次にシャーロック・ホームズの「高名な依頼人」の書き出し部分。


「もう弊害はあるまいよ」

 というのがシャーロック・ホームズのそのときの意見だったが、私はこの十年ばかりのあいだに十回くらいも、これから話す事件を公表する許しを求めて、やっと承諾を得たわけなのである。(延原謙訳)


「もういまとなっては、べつに害はあるまいよ」というのが、友人シャーロック・ホームズ氏の見解であった。長年私がそれをくりかえして、そのときがもう十回めぐらいだったろうか、以下に語る物語を公表する許しをもとめたときのことである。(深町眞理子訳)


「今となっては別段、誰かが傷つくということもあるまい」以下の物語を公表させてもらいたいと私がシャーロック・ホームズに許可を求めるのも、この長の年月、もうこれで十度目というとき、ホームズがもたらした言葉がこれであった。(小池滋訳)

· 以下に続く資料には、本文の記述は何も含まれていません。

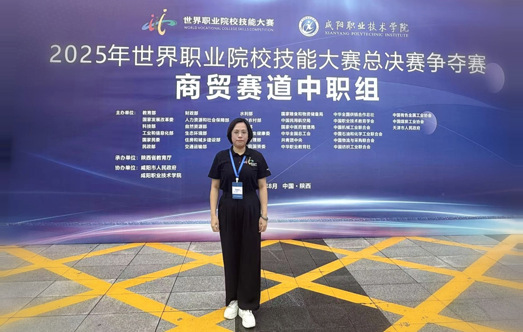 我院经济管理系主任郑琳教授受邀担任2025年世界职业院校技能大赛总决赛争夺赛商贸赛道的裁判工作。此次受邀充分彰显了我院教师在专业领域的权威性与影响力,是我院持续深化师资队伍建设、着力打造高水平“双师型”教师团队的又一显著成果。这不仅进一步提升了我院在全国职业教育领域的知名度和美誉度,也为我院带来了先进的赛事标准和宝贵的职业教育经验。
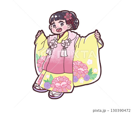 一個可愛的女孩穿著753 7歲慶典服裝的插圖
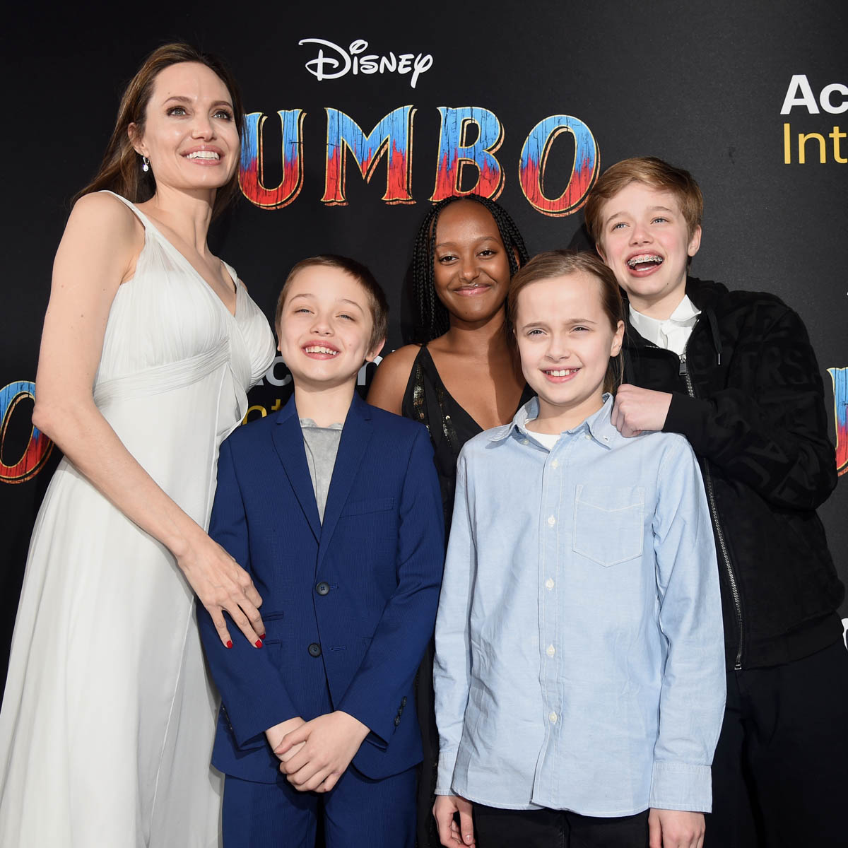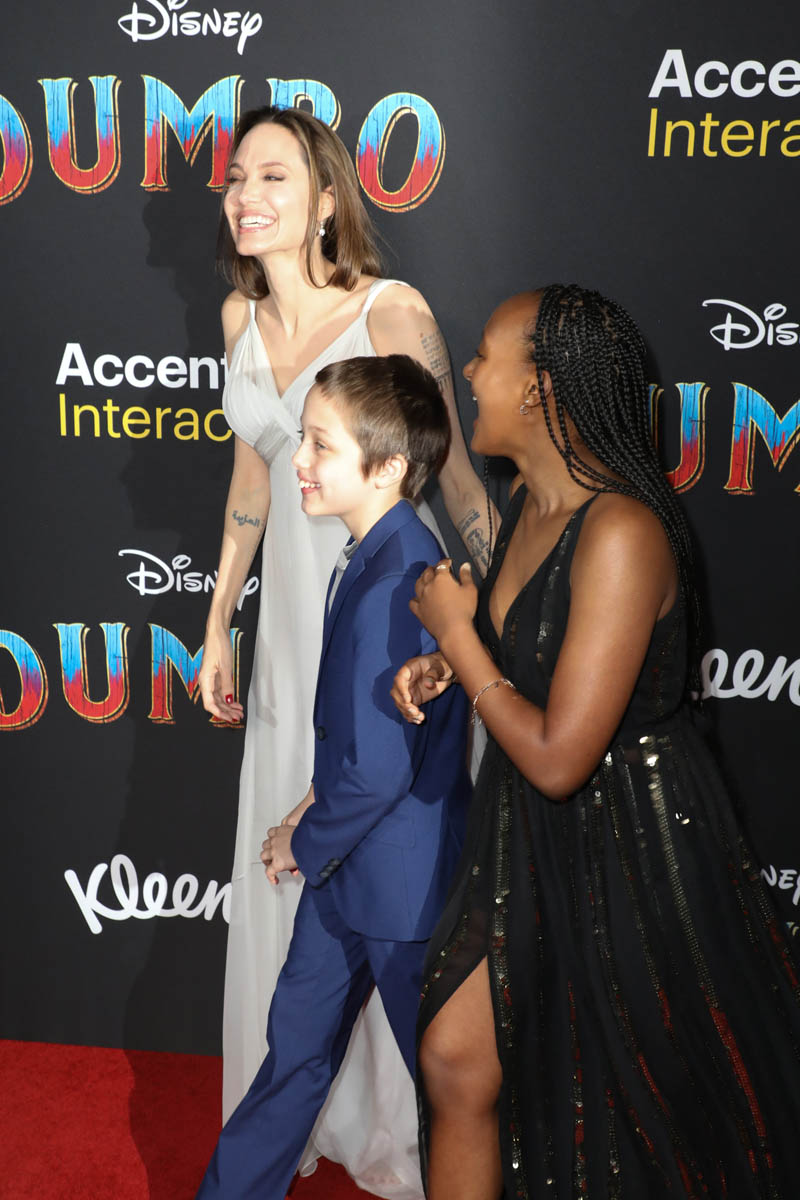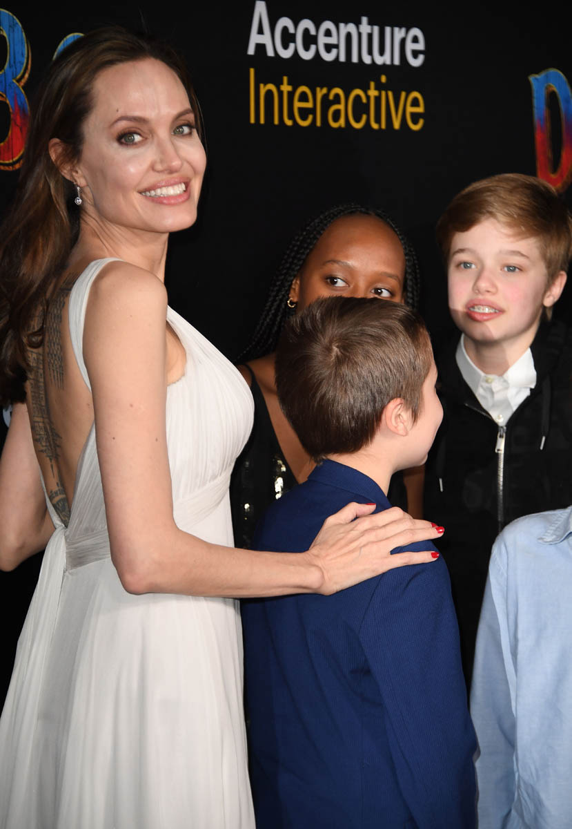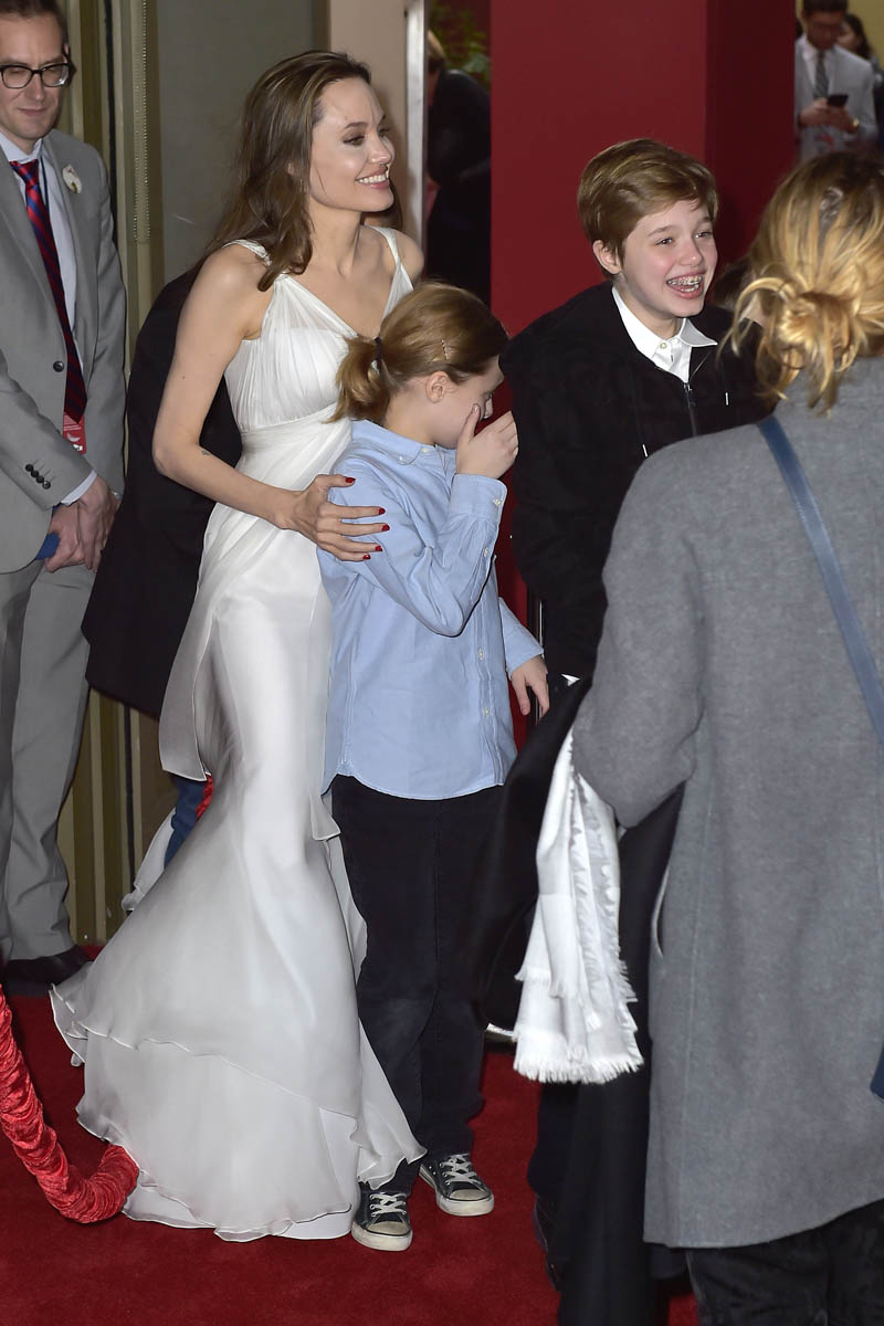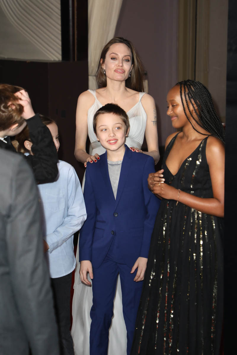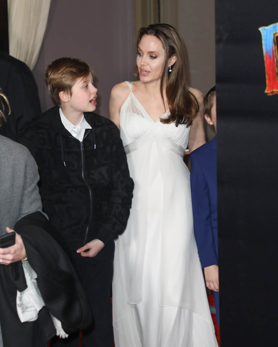 Anyway. Last night was the Hollywood premiere. And Angelina Jolie was there with Zahara, Shiloh, Vivienne, and Knox. She was the surprise guest, a Disney team player now because of Maleficent and, as you would expect, she was the main attraction. Which can’t be helped. Angelina doesn’t show up often on big splashy Hollywood red carpets. When she does, it’s a thing. This is what Disney would have wanted – extra shine on their new major release. And she delivered. I mean, she could have shown up in something black but she didn’t. She showed up in a slinky white grey gown, ready for the camera. But it wasn’t just for the photo opportunity.

 いかに書くかで、イメージが変わるのがわかってもらえていますか。正確にはいかに訳すかですが、そこはいかに書くかで、マロイとホームズのイメージの差ができているところをお楽しみください。「そう書くからそうなる」のです。語り口の重要性です。


 あと、スティーヴンスの「宝島」ですが、あの小説は回想なんですね。つまり大人になった主人公が、少年のころの冒険を思い出して語っていることになっています。で、語り手が「私」と「僕」の二種類の訳があるのですが、「私」と「僕」では、読んだイメージが、驚くほどガラッと違います。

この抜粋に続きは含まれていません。